[Data extracted from a collection]
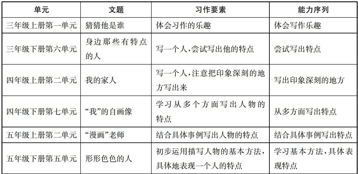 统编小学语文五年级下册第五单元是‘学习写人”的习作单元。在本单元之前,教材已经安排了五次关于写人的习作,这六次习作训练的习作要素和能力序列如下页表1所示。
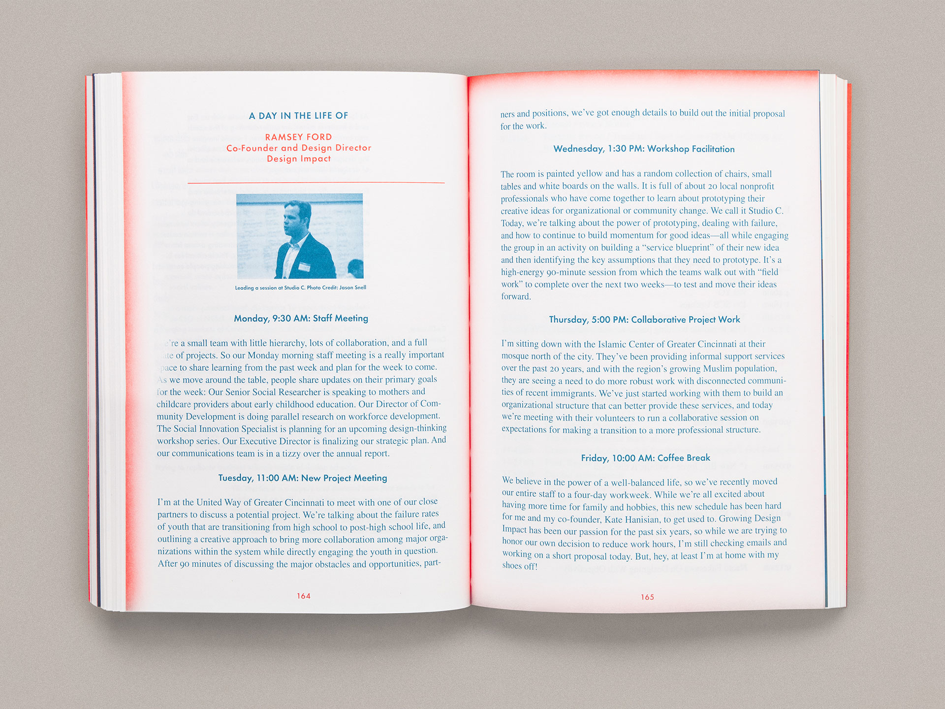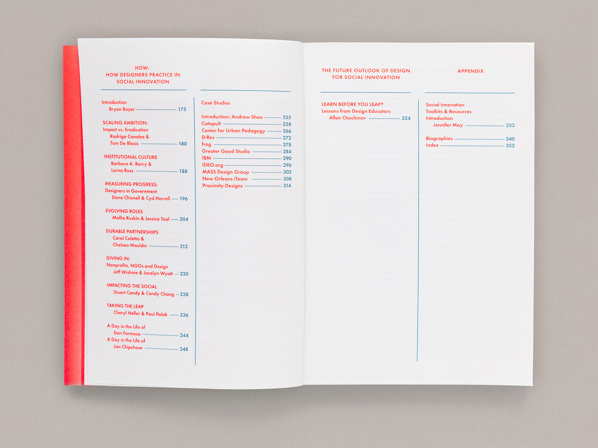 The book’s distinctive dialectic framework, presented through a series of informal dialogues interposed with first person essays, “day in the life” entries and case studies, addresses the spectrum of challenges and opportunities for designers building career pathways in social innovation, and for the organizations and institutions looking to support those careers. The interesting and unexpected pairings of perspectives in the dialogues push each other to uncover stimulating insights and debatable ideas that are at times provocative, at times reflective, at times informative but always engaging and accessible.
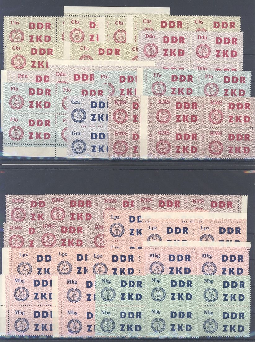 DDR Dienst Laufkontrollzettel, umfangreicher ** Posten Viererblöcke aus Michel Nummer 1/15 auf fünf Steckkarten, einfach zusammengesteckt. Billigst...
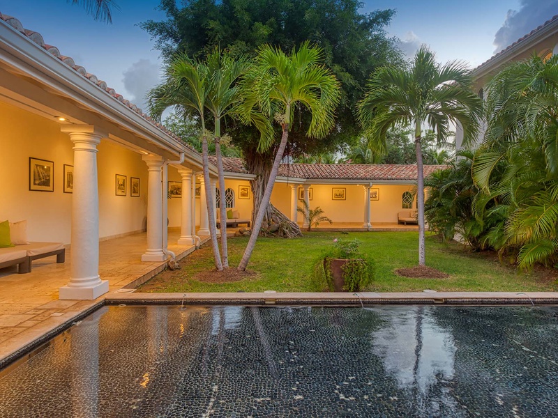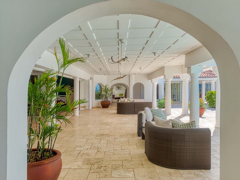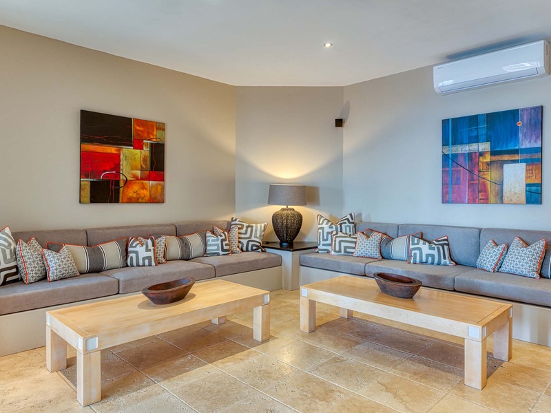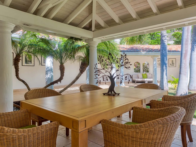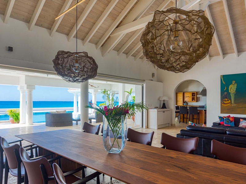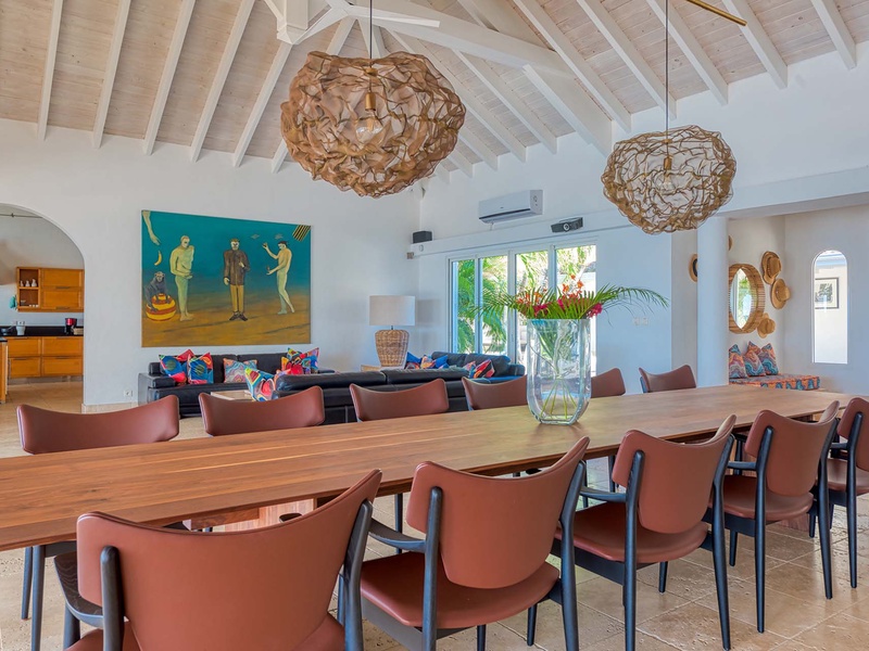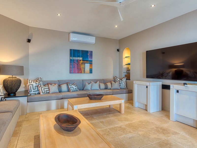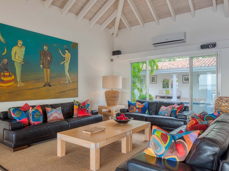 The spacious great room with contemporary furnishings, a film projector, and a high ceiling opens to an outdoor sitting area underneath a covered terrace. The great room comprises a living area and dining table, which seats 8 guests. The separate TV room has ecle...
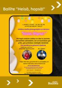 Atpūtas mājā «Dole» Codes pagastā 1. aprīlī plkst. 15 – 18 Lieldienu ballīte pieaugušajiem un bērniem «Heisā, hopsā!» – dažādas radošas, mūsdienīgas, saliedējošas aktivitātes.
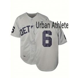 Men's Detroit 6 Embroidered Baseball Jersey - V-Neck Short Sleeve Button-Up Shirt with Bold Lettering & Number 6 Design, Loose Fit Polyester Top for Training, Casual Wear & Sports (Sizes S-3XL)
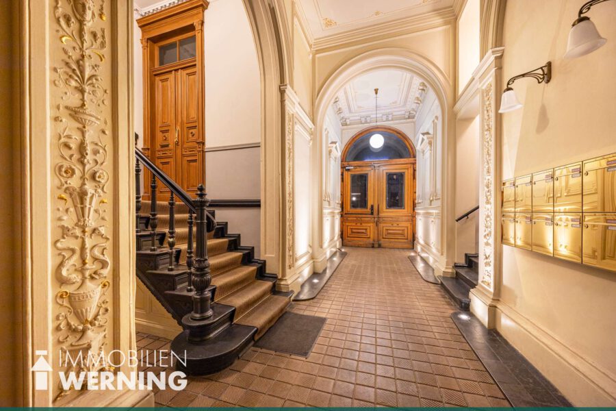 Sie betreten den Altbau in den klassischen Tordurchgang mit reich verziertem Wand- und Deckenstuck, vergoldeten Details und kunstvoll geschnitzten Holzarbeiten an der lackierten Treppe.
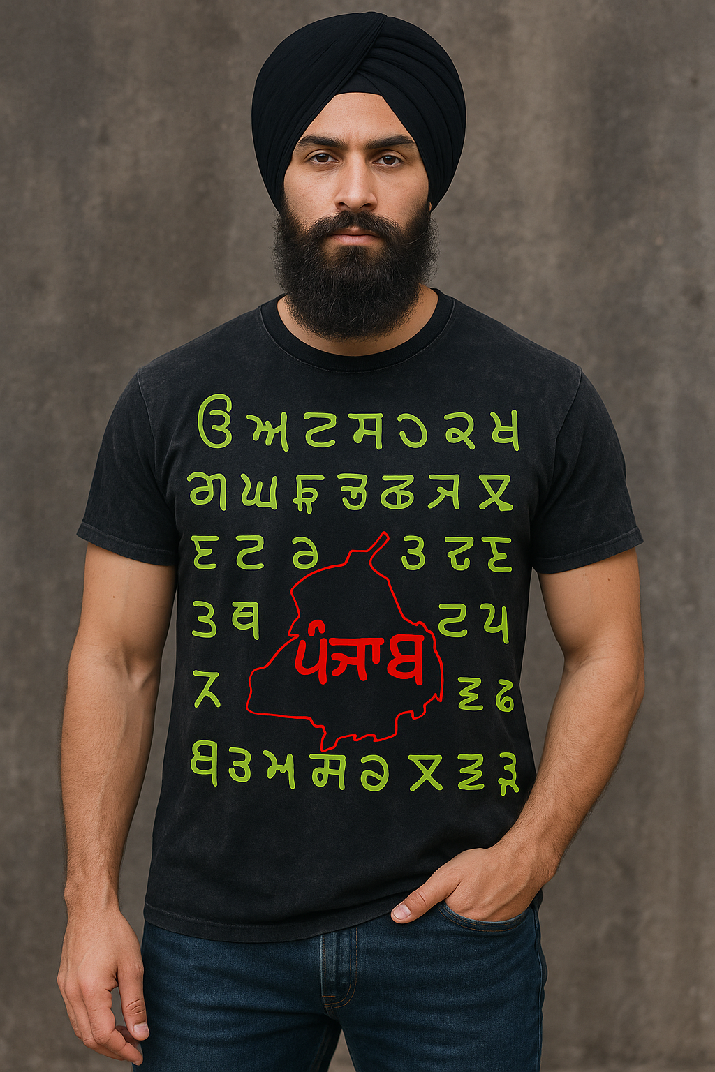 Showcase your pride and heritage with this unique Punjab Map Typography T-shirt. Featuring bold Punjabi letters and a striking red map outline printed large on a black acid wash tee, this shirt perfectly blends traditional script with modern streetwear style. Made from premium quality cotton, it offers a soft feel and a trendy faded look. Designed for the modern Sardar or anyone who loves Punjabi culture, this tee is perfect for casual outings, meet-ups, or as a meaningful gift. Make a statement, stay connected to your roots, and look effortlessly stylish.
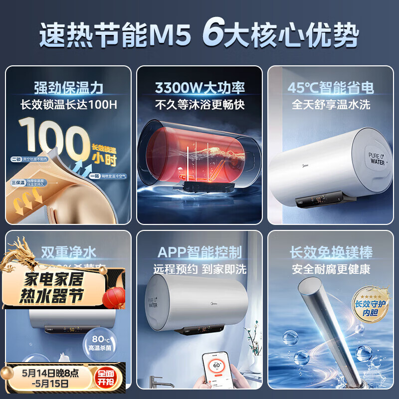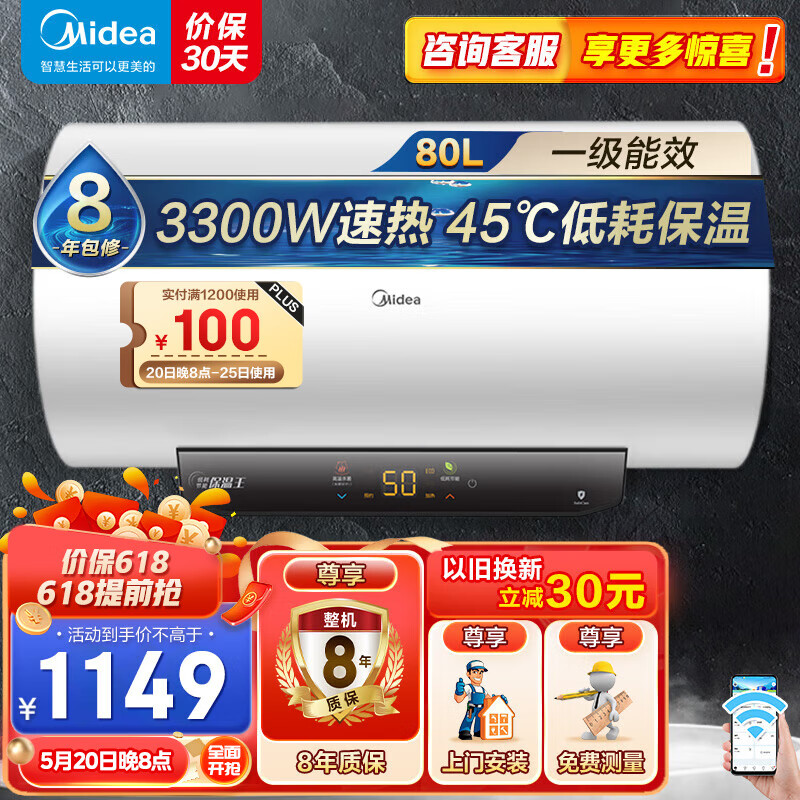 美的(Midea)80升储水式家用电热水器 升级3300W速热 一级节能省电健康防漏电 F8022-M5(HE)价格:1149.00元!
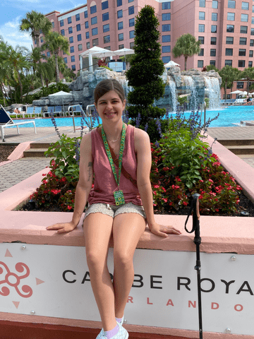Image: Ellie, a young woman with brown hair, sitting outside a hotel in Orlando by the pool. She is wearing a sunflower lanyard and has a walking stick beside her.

§ What to do
What you write must match, line for line, the lines from the one with "Showcase your pride" through the last line of the data above, minus the pictures.

§ Result for this task
 Showcase your pride and heritage with this unique Punjab Map Typography T-shirt. Featuring bold Punjabi letters and a striking red map outline printed large on a black acid wash tee, this shirt perfectly blends traditional script with modern streetwear style. Made from premium quality cotton, it offers a soft feel and a trendy faded look. Designed for the modern Sardar or anyone who loves Punjabi culture, this tee is perfect for casual outings, meet-ups, or as a meaningful gift. Make a statement, stay connected to your roots, and look effortlessly stylish.
 美的(Midea)80升储水式家用电热水器 升级3300W速热 一级节能省电健康防漏电 F8022-M5(HE)价格:1149.00元!
Image: Ellie, a young woman with brown hair, sitting outside a hotel in Orlando by the pool. She is wearing a sunflower lanyard and has a walking stick beside her.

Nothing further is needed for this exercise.